Em razão do enfrentamento à pandemia, acredito que o cancelamento do carnaval de rua e dos desfiles foi uma decisão acertada. Por uma questão sanitária, neste momento, ainda não há espaço para festas que reúnam e movimentam milhares de pessoas. Isso vale para o carnaval e para qualquer outro evento, em minha opinião. No entanto, o que percebemos foram novos formatos de carnaval, uma espécie de privatização, de mudança de escopo.
O que tradicionalmente acontecia nas ruas foi transferido para os ambientes fechados. E para quem teve dinheiro para pagar, não faltaram opções de entretenimento com artistas famosos, blocos de renome, shows e bailes. Aquela máxima de “pagando bem, que mal tem”, infelizmente, nunca foi tão adotada. O interesse econômico ocupou a lacuna deixada pelo vírus, se fortaleceu e novamente mostrou que, para alguns, nem sempre a vida vale mais.
Exceto por conta da pandemia e da necessidade de adotarmos medidas de cuidado, não podemos esquecer que a rua é palco de diversas manifestações culturais, é um ponto de encontro, de construção de uma população participativa. Ao se promover eventos de carnaval pagos, criamos um cenário de desigualdade, próprio do que é privado, daquilo que segrega, que ergue muros ainda mais altos entre classes sociais já divididas. A concepção de espaço público deve ser preenchida não só por carros e pessoas apressadas, mas por ideias, debates e discussões que permitam o desenvolvimento amplo de uma sociedade. O avesso disso é o esvaziamento da cultura do nosso povo. E contra essa dinâmica, devemos lutar. Afinal, é através dessas expressões que construímos nossa identidade.
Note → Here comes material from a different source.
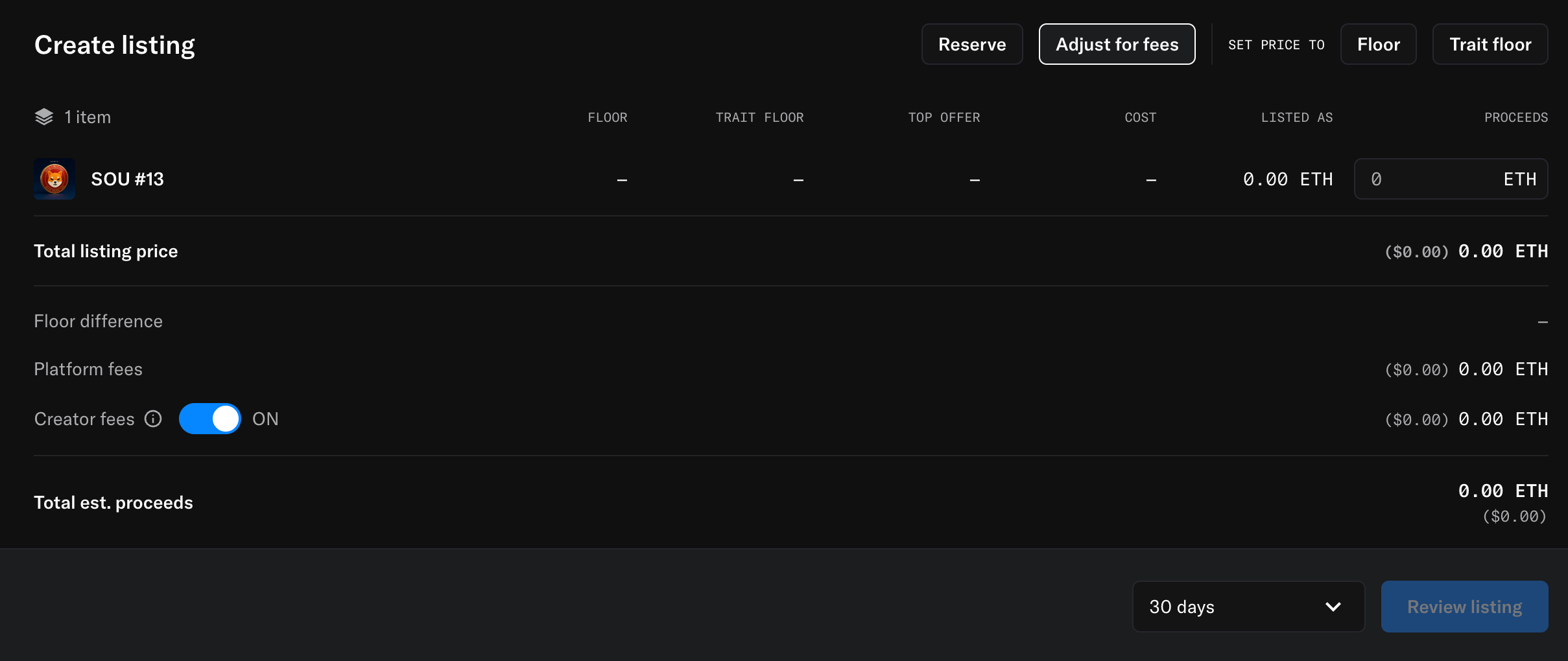 Enter the Total listing price in ETH. You can also quickly set the price to the Floor or Trait floor.
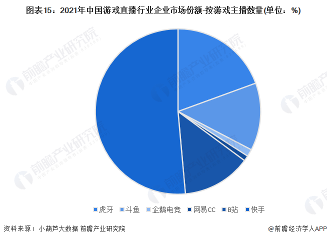 2021年,从游戏直播企业角度分析,快手游戏主播数量为621.2万人,占比最多,为51.88%;其次为虎牙,游戏主播人数为234.8万人,占比19.61%,第三为斗鱼直播,游戏主播人数为159.6万人,占比13.33%。

O carnaval é um evento histórico, repleto de significado, um momento de resistência, onde o povo tem a oportunidade de falar sobre as suas lutas. Não é só máscara e fantasia, também é contestação. Contrariar as tentativas de subverter nossa cultura, em seu formato democrático e público, é uma pauta coletiva, uma bandeira de todos nós brasileiros. Que o carnaval de todos, superada a Covid-19, esteja de novo conosco ano que vem, como uma festa popular, onde o dinheiro não fale mais alto que a melodia dos sambas e das marchinhas.